### What to work on
Could the listing be repeated exactly, with every picture dropped?

### Source data

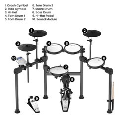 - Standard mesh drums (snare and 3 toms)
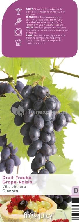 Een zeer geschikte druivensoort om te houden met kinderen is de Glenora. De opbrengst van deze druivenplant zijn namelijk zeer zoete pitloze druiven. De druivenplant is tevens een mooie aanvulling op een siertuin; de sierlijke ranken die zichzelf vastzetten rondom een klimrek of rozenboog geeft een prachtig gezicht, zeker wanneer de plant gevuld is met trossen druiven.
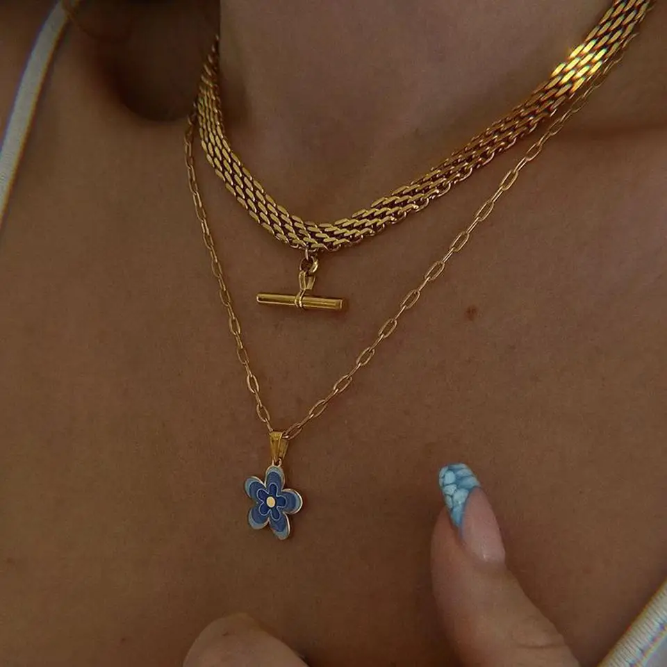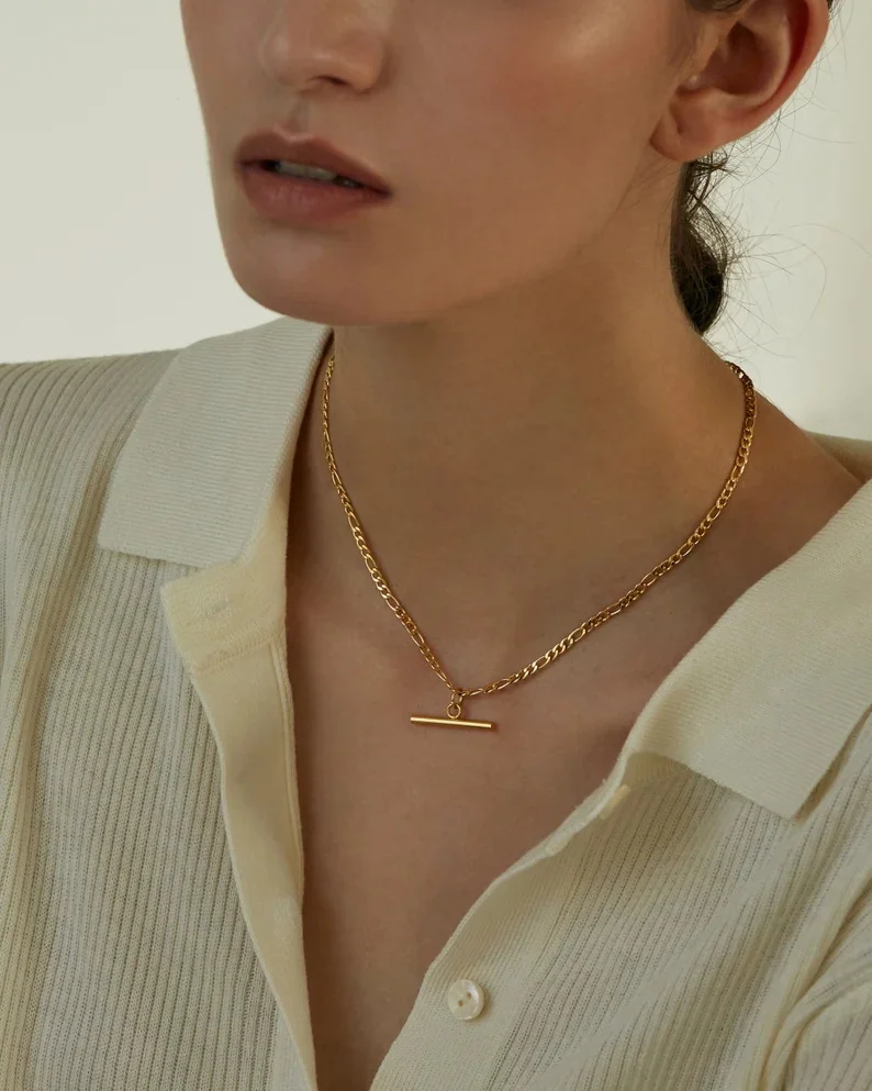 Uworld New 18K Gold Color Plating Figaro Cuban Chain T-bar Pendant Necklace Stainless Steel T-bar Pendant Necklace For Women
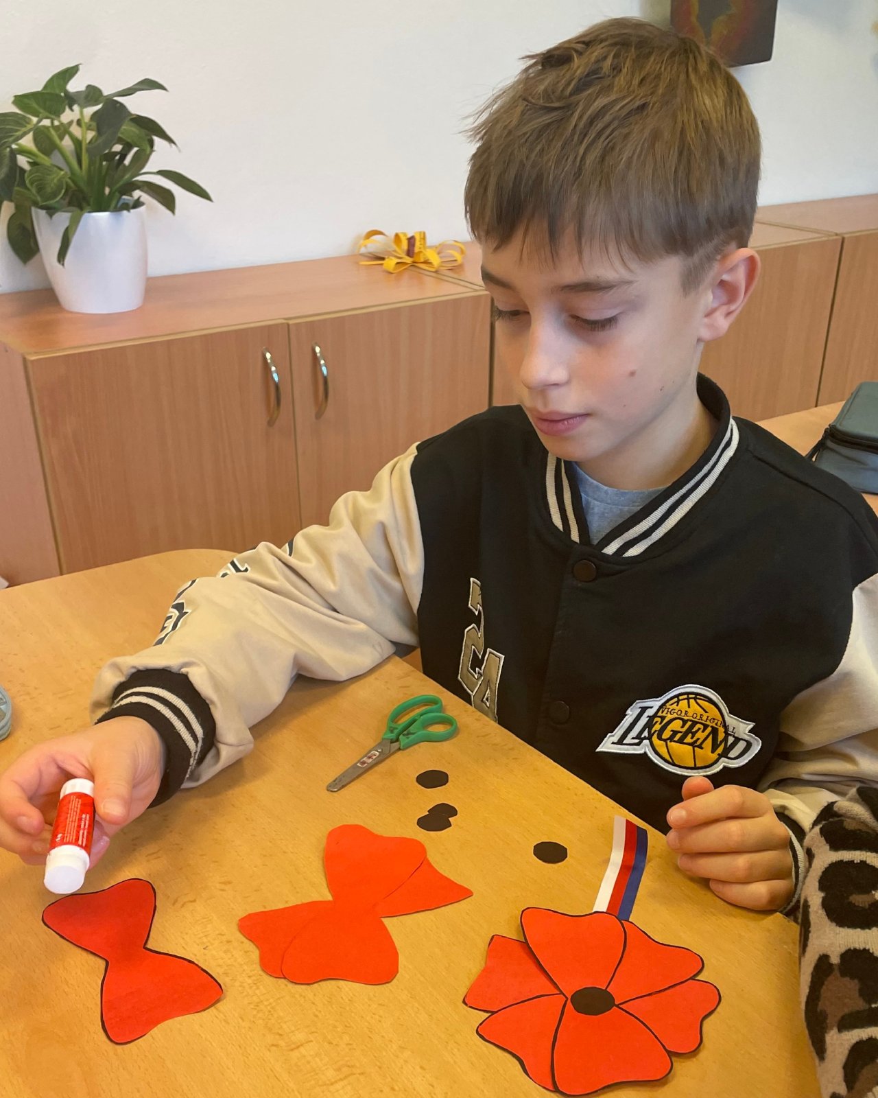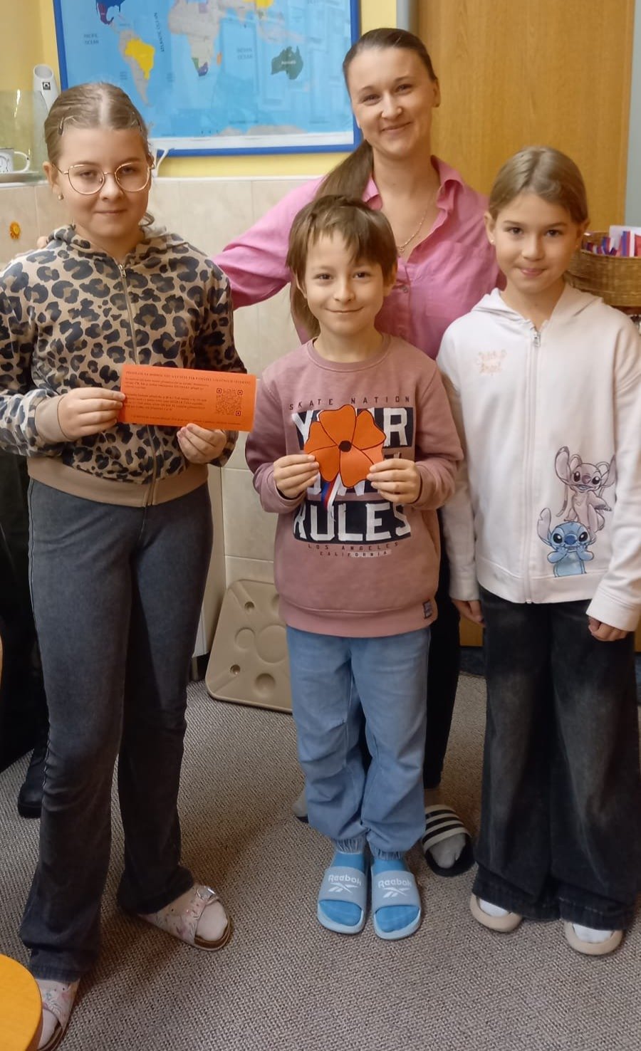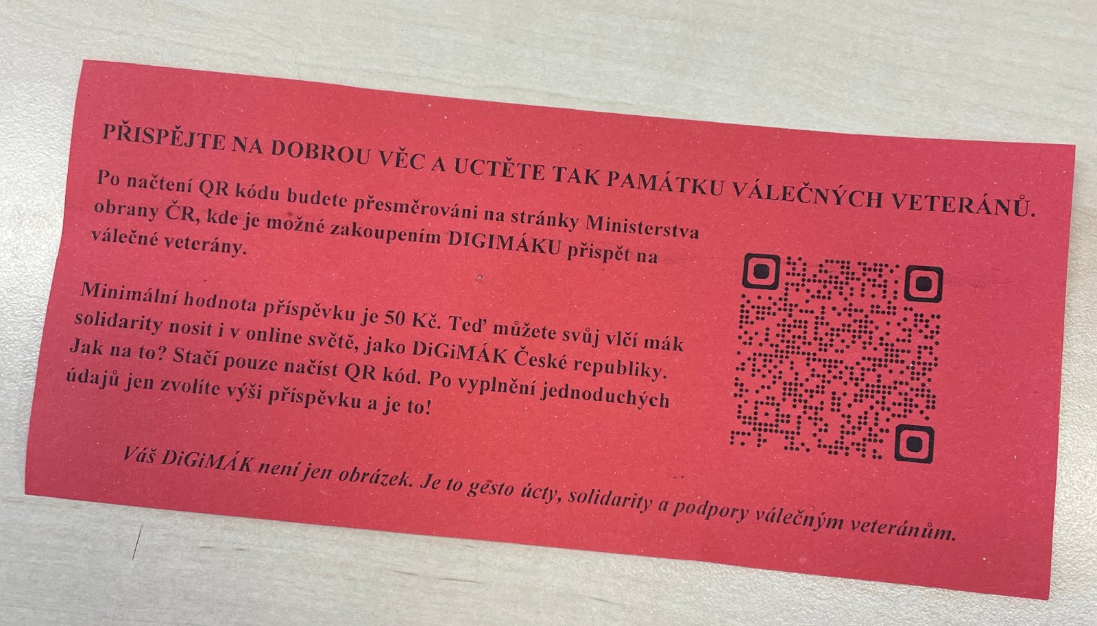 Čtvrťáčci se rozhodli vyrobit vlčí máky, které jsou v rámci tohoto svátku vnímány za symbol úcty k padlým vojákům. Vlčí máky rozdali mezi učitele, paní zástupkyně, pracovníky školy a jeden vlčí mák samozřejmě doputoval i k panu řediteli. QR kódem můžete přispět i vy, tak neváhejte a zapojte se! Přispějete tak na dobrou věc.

### Result of this exercise
 - Standard mesh drums (snare and 3 toms)
 Een zeer geschikte druivensoort om te houden met kinderen is de Glenora. De opbrengst van deze druivenplant zijn namelijk zeer zoete pitloze druiven. De druivenplant is tevens een mooie aanvulling op een siertuin; de sierlijke ranken die zichzelf vastzetten rondom een klimrek of rozenboog geeft een prachtig gezicht, zeker wanneer de plant gevuld is met trossen druiven.
 Uworld New 18K Gold Color Plating Figaro Cuban Chain T-bar Pendant Necklace Stainless Steel T-bar Pendant Necklace For Women
 Čtvrťáčci se rozhodli vyrobit vlčí máky, které jsou v rámci tohoto svátku vnímány za symbol úcty k padlým vojákům. Vlčí máky rozdali mezi učitele, paní zástupkyně, pracovníky školy a jeden vlčí mák samozřejmě doputoval i k panu řediteli. QR kódem můžete přispět i vy, tak neváhejte a zapojte se! Přispějete tak na dobrou věc.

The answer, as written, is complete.